*Available data*
━━━
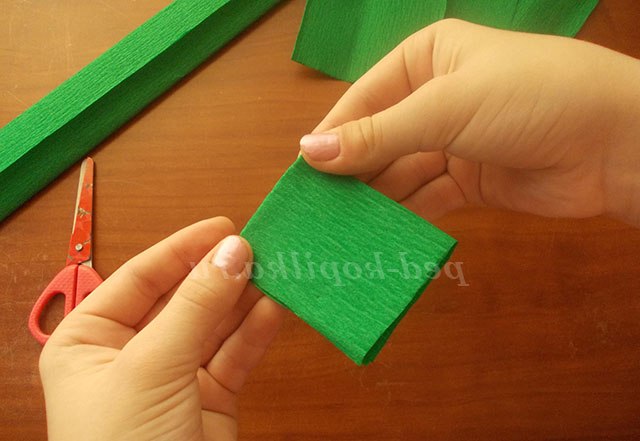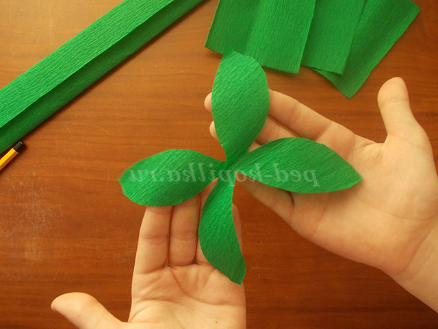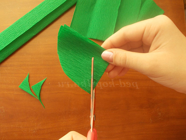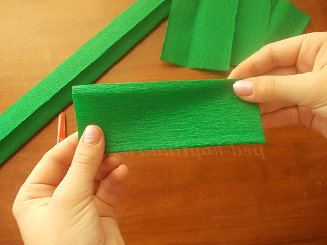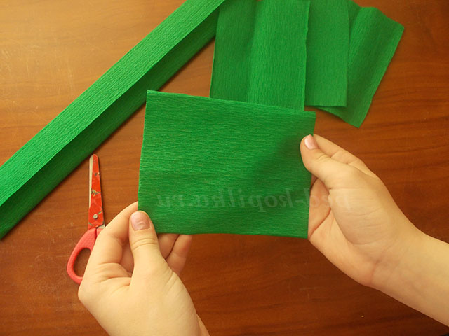 Другий етап, приступаємо до виготовлення листочків із зеленої гофрованого паперу.
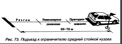 2. Подъезд к ограничителю средней стойкой кузова (рис. 73).
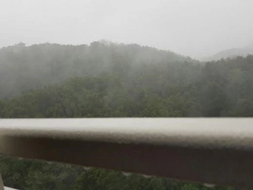 창문 바로 앞에서 거인이 커다란 양동이로 물을 팍팍 끼얹듯 창을 두드리는 물세례. 거센 바람에 그 커다란 유리 창문이 흔들흔들. 창문을 열 수도 밖에 나갈 수도 없다.
━━━
*Prompt*
Without changing a word, retype the data above and omit its pictures.

*Answer for the task*
 Другий етап, приступаємо до виготовлення листочків із зеленої гофрованого паперу.
 2. Подъезд к ограничителю средней стойкой кузова (рис. 73).
 창문 바로 앞에서 거인이 커다란 양동이로 물을 팍팍 끼얹듯 창을 두드리는 물세례. 거센 바람에 그 커다란 유리 창문이 흔들흔들. 창문을 열 수도 밖에 나갈 수도 없다.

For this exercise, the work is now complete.